__WORK REQUIRED__
Transcribe the entries below word for word, beginning at the line with "今回は米粉をブレンドし、モチ" and stopping after the line with "Fiecare membru al"; drop all pictures.

__DATASET RECORDS__
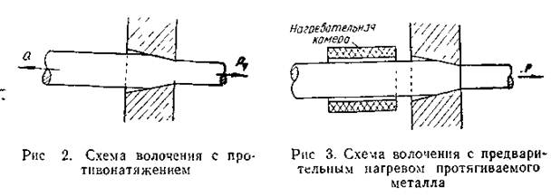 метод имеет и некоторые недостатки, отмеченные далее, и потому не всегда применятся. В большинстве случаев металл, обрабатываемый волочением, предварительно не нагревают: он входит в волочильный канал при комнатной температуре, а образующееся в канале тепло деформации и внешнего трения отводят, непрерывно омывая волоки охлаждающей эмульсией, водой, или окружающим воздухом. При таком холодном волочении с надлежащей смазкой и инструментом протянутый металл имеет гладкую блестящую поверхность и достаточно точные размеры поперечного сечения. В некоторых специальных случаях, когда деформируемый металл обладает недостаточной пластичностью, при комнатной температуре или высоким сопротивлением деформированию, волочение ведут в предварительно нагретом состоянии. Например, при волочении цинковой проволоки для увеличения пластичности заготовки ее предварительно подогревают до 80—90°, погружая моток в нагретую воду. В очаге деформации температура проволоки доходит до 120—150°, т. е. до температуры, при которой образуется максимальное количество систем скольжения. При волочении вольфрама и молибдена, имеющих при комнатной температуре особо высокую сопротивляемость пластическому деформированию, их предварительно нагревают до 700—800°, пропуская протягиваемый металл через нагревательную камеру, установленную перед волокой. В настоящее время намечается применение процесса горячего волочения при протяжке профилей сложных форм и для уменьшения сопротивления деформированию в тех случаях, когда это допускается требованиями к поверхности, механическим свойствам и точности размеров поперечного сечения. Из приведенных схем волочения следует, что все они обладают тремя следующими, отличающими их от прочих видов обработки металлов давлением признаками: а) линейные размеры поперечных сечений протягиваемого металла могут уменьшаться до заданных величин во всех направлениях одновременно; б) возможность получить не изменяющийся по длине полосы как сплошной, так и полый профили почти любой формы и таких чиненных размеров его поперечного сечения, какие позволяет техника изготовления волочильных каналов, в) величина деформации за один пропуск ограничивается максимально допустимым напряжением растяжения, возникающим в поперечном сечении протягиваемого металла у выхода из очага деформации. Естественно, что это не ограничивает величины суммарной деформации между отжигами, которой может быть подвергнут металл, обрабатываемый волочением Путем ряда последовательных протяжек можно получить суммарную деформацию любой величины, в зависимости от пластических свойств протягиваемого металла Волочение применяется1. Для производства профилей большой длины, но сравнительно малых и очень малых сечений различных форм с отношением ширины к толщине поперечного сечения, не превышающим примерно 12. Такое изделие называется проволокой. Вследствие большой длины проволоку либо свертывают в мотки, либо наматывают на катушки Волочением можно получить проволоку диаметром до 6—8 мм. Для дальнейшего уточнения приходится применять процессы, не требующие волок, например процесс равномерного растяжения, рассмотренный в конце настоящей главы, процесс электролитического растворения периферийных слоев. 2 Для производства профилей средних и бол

--

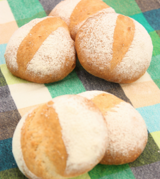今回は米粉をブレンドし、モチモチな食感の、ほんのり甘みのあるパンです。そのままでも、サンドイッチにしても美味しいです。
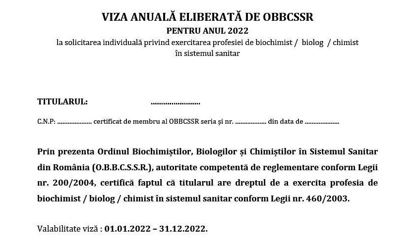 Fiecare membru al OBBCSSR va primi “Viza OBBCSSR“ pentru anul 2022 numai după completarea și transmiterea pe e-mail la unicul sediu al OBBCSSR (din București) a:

__TASK SOLUTION__
今回は米粉をブレンドし、モチモチな食感の、ほんのり甘みのあるパンです。そのままでも、サンドイッチにしても美味しいです。
 Fiecare membru al OBBCSSR va primi “Viza OBBCSSR“ pentru anul 2022 numai după completarea și transmiterea pe e-mail la unicul sediu al OBBCSSR (din București) a:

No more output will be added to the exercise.